In 1979, Whyte produced a documentary called The Social Life of Small Urban Spaces, which would go on to become a cult-favorite among urban planners and enthusiasts. Included in the footage are scenes of unwitting New Yorkers in public spaces adjusting chairs as if they were scratching an itch. "Even when there's no apparent functional reason of any kind, people move chairs," intoned Whyte, the documentary's wry narrator.

Beginning around the 2000s, Bryant Park greatly expanded the breath and style of its furniture. According to Jerome Barth, who started working at the Bryant Park in 1998 and now serves as the president of the Fifth Avenue Business Improvement District, there are more than 6,000 pieces of movable furniture. The varieties includes green chairs without backs, stools, and chairs and tables of varying heights.

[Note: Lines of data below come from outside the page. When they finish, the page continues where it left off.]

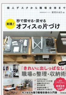
『秒で探せる・戻せる 実践! オフィスの片づけ』 家村かおり/著(同文館出版)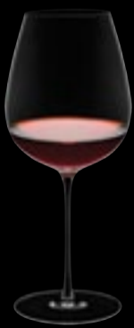
Calice vino 01 71 cl 24 oz H 240 mm 9 ½ " D 101 mm 4 " No. 7661 0100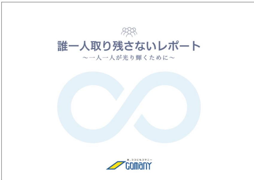
▲誰一人取り残さないレポート表紙

このレポートでは、コマニーの目指す姿や独自性・社会性のある活動と商品を紹介しています。企業経営を行う上で特に幸福にすべき人達や、それらの人達をコマニーの技術で幸福にする取り組み事例、達成に向けた活動を詳細に記しており、ステークホルダーの皆様にご理解していただけるツールになっています。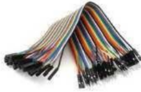
Gambar 2. Kabel jumper

Kabel jumper tersedia dalam berbagai panjang dan warna, dan dapat di beli di toko komponen elektronik atau toko online yang menyediakan perlengkapan untuk proyek elektronik.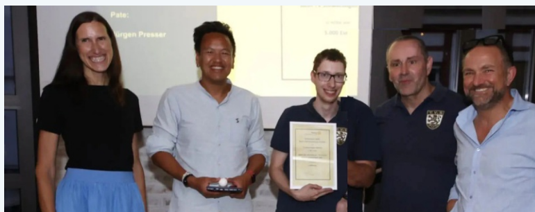
Das inklusive Tischtennis-Projekt des TV 1864 wurde mit dem Rotary-Förderpreis 2025 ausgezeichnet. Der Preis ist mit 5.000 Euro dotiert. Mit dem Projekt „Spiel, Satz und Inklusion – Tischtennis für alle sportinteressierten Menschen mit und ohne Behinderung“ hat der Verein erneut ein starkes Zeichen für seine soziale Marke „Inklusion & Integration“ gesetzt.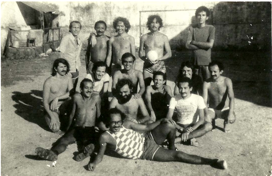
Imagem 9: Presos políticos no campo de futebol da Barreto Campelo. Julho de 1978.

O peso da representatividade deste tema na experiência da prisão política revelou-se também quando parti para o levantamento do acervo fotográfico. Em todos os álbuns dos entrevistados, a maior incidência de fotografias são justamente aquelas que retratam os presos políticos formando um time de futebol após uma partida ou exercitando os corpos em jogo no campinho do pavilhão.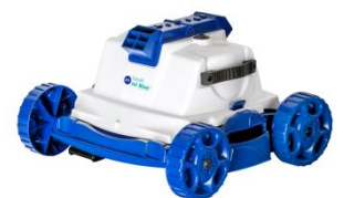
Roboter Robot RKJ14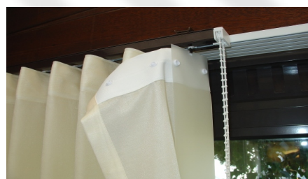
Für alle Lamellen wiederholen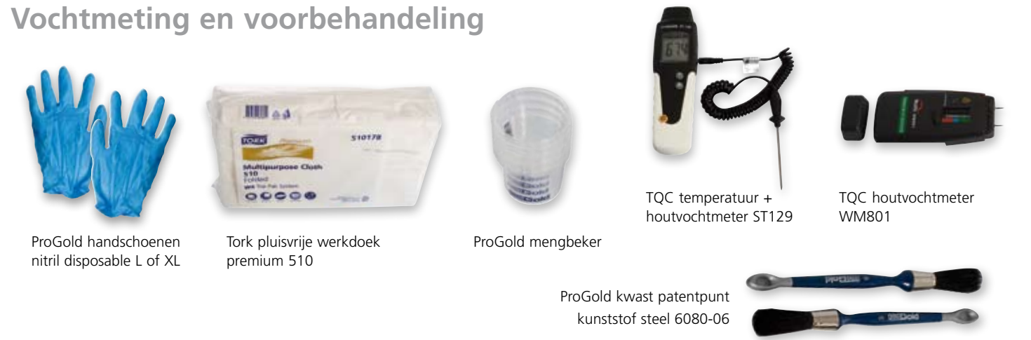
ProGold handschoenen nitril disposable L of XL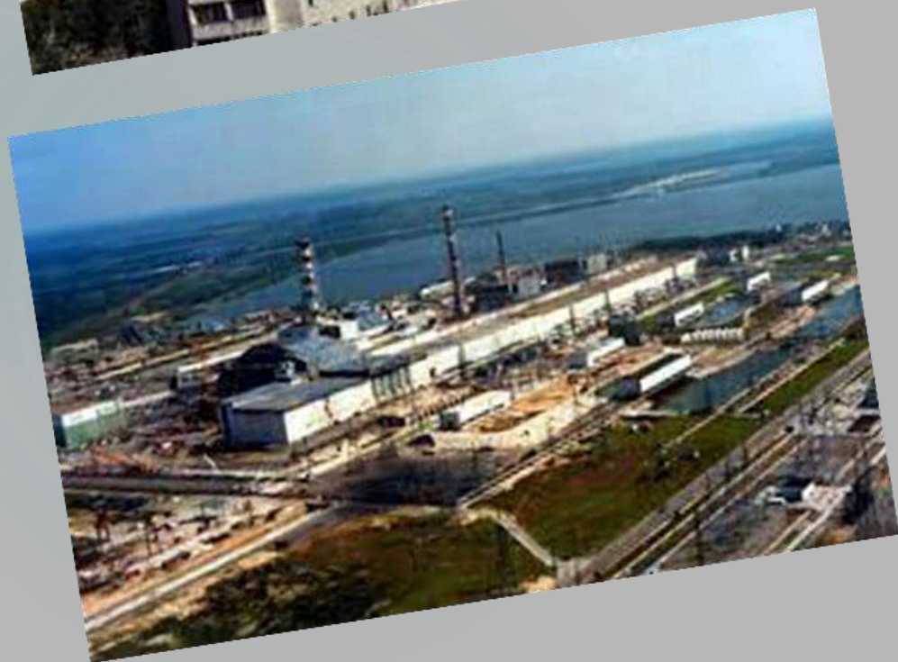
Чорнобильська АЕС до аварії

All of the different pieces work to broadcast "subtle cues" to park users about the setting and experience, Barth said. High chairs around tables surrounding a kiosk suggest a place for eating. Colorful pieces near ping pong tables represent an area designated for play.

Manshel, who is now 63, no longer works for Bryant Park, but his reverence for Whyte inspired him to write a book on his experiences. Published by Rutgers University Press, Learning from Bryant Park: Revitalizing Cities, Towns, and Public Spaces, comes out in April. On the cover is a picture of the famous and beloved chair that Manshel helped select and procure.

He said he hopes the book will raise the profile of Whyte, who, as an editor of Fortune magazine helped promote the work of Jane Jacobs, but remained far less known himself. "He's an insiders person," Manshel observed.

He said that Whyte, who would often come into the offices at Bryant Park, rejected the spotlight. "He was a quiet and humble and observant person," he said.

But as his documentary and writings reflect, he was one of the early urbanists in New York City who was keenly attuned to how humans interact with their spaces. Whyte was also, in the words of Barth, "a New Yorker through and through," who understood the desire of his fellow denizens to see and be seen.

In the above cited 1979 essay for the New York Times titled "Please, just a nice place to sit," the city planner wrote an appeal that was eminently relatable.

Throughout the city we can vastly increase the amount of useful space for people, with more plazas, more street space, more nooks and small oases; and for merchants and businessmen as well as every one else, it would be a lot better if we did. It wouldn't be paradise—New Yorkers would be miserable in such a place. But there'd be more of what gives the city its edge—more shmoozing, more picnicking, more kooks and screwballs and pretty girls to look at.